People have found it harder to talk to and engage with neighbours, friends and family on a regular basis and become cut off.

This has heightened feelings and fears of isolation and increased some people’s reliance on alcohol or other substances such as drugs.

Martin also said that mental health services have been fragmented and often people with problems simply didn’t know where to go.

Market Harborough Crisis Café is the third of its kind in Leicestershire, with two others operating in Leicester city centre and Loughborough.

The drop-in service provides a safe, private space for those who are struggling as well as one-to-one sessions where they can learn practical coping strategies.

It can also make referrals, if required, to more specialist support, which previously could only be done by a GP.

The charity has also started linking up with the local farming community and Women’s Institute groups to talk to them about mental health issues.

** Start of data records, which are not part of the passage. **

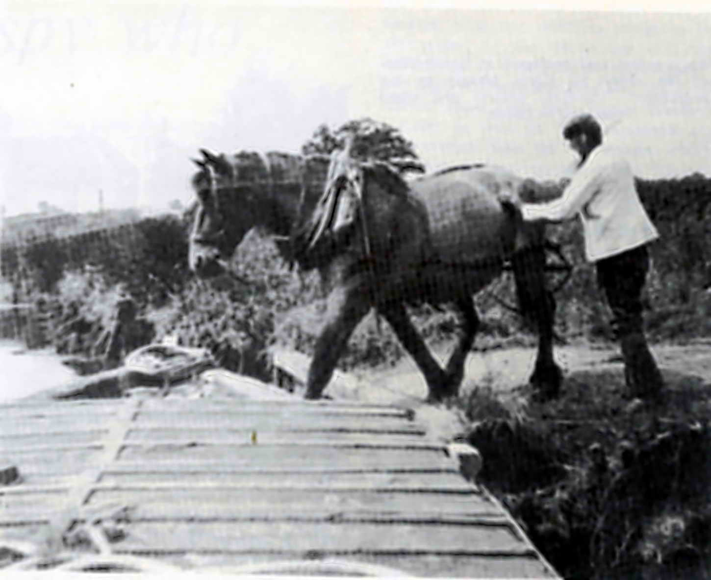 The biggest problem faced by the navigation was the fact that the landowners were very wary of the scheme and, in many cases, refused to allow a towpath to be made. This meant that the towpath kept changing banks of the river, and the horses had to be trained to leap onto the barges to be transported to the other bank. The leading boat contained a small platform at the bows to enable the towing horse to be ferried across the river when the tow path crossed from one side to the other. This occurred thirty-three times on the trip from Sudbury to Brantham. At Bures, the towpath changed side six times. The horses were, of course, specially trained.
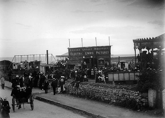 John Toft’s fairground cinematograph show at Tramore, Co Waterford, in 1901. From National Library of Ireland’s catalogue.
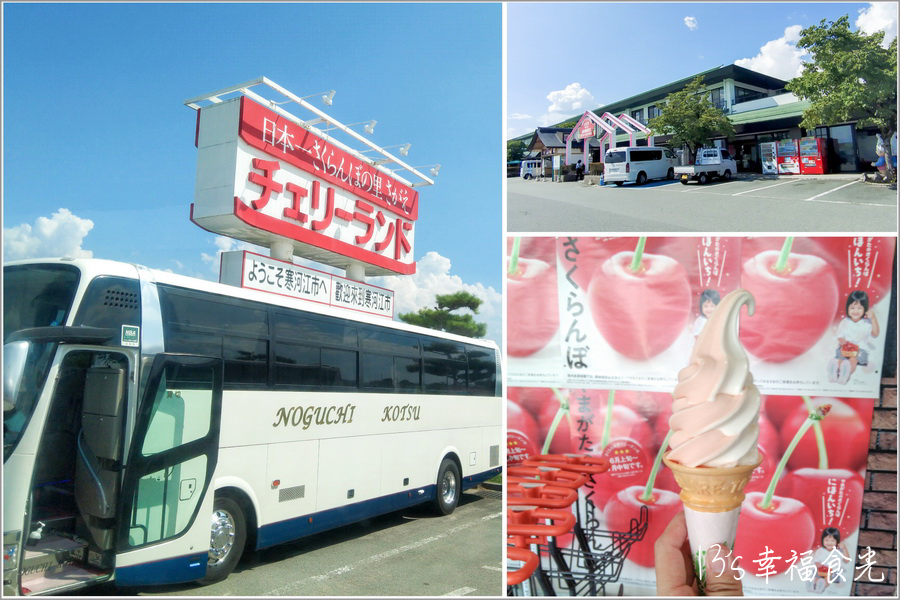 體驗完畢後,搭著專車準備回去天童湯坊一樂溫泉旅遊,途中特別安排這個「道の駅 寒河江 チェリーランド」還讓我們下車採買伴手禮。看見山形有名的櫻桃冰淇淋先來一支再說,吃起來香香甜甜,奶味很香濃,還有淡淡櫻桃香氣,很好吃欸!
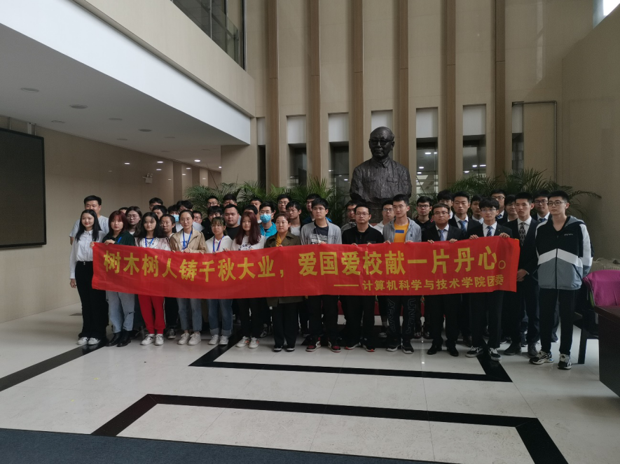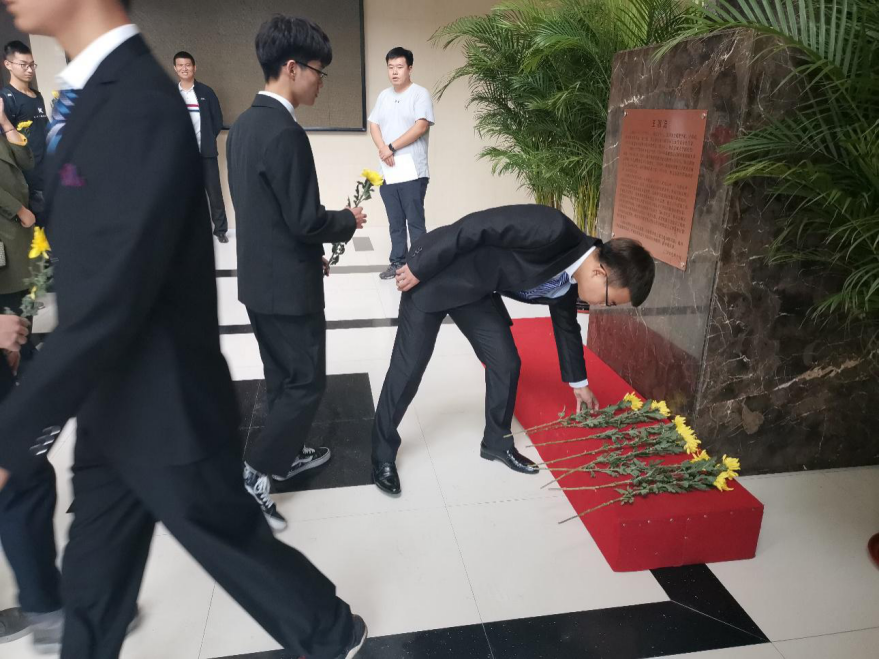 9月10日下午1时许,活动开始。本次活动由计算机科学与技术公司辅导员侯树范、w66旗舰厅辅导员王震主持,两院2019级员工会成员参加活动。老师和同学们身着正装整齐地站在计算机楼一楼大厅,同学们依次为王湘浩先生雕像敬献鲜花,以示悼念。之后侯树范老师简要地向同学们讲述了王湘浩先生的生平,大家认真倾听,有所感悟。最后全体到场的老师和同学们在王湘浩先生雕像前合影留念,活动圆满结束。
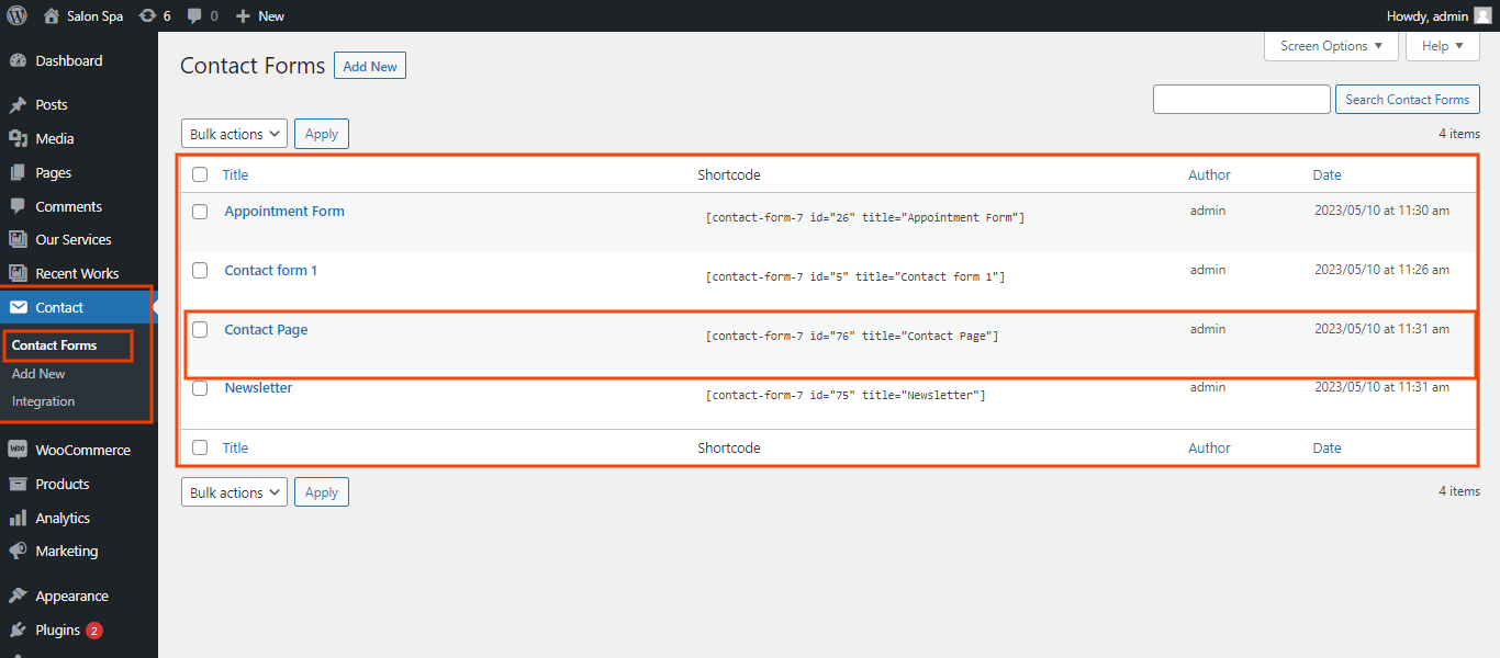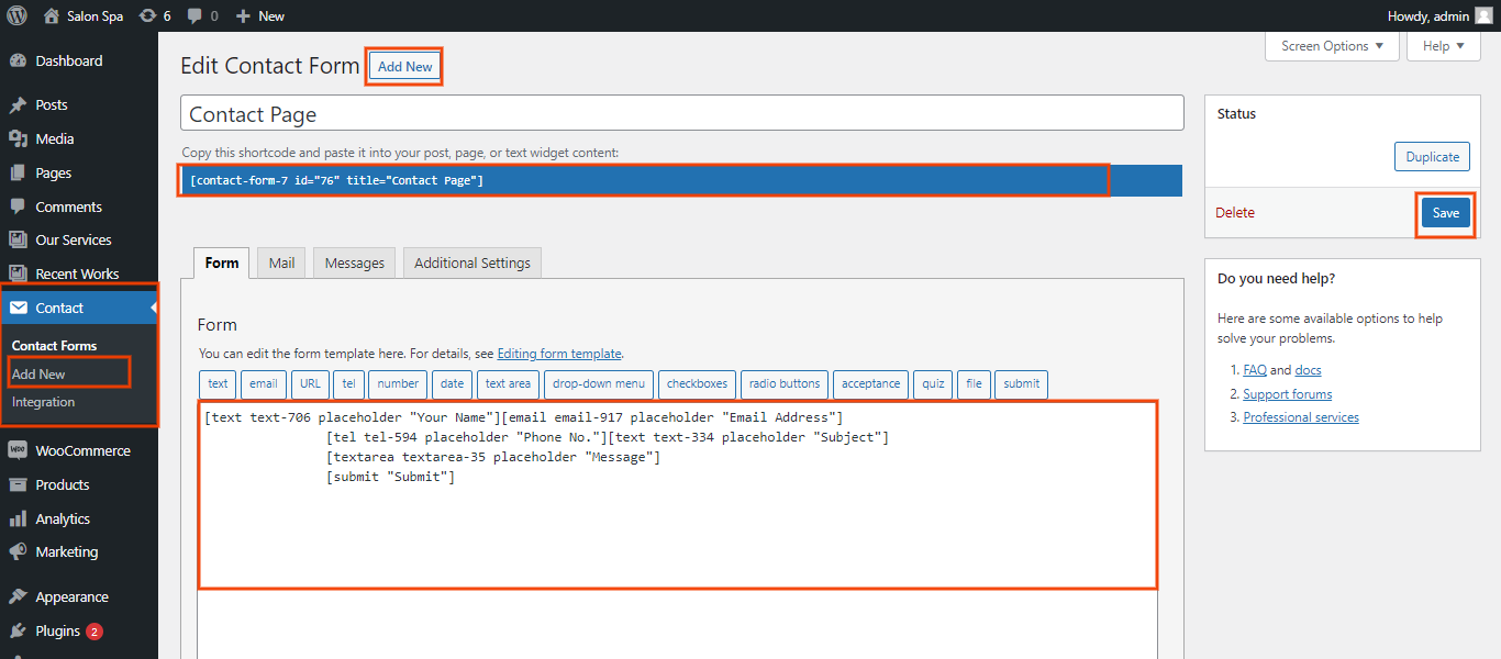 Scroll to Form and give this new contact form a name. You can make modifications to contact form template from here.

Staff are also seeking opportunities to connect with more local organisations - and are hoping to open a new Crisis Café in Rutland.

“What I would say to anyone who is unsure whether to pop along is, just do it - come down and talk to us.

“Walking through the door is often the hard bit, but once people do, they are immediately glad they did,” added Martin.

“We welcome people of all backgrounds, no issue is off limits - and if we can help you then we will.”

The Crisis Café is open, without appointments, from 12noon–8pm every Wednesday at The Symington Building on Adam and Eve Street.

And if you do not want to attend in person you can call 0808 800 3302 to talk and get support instead.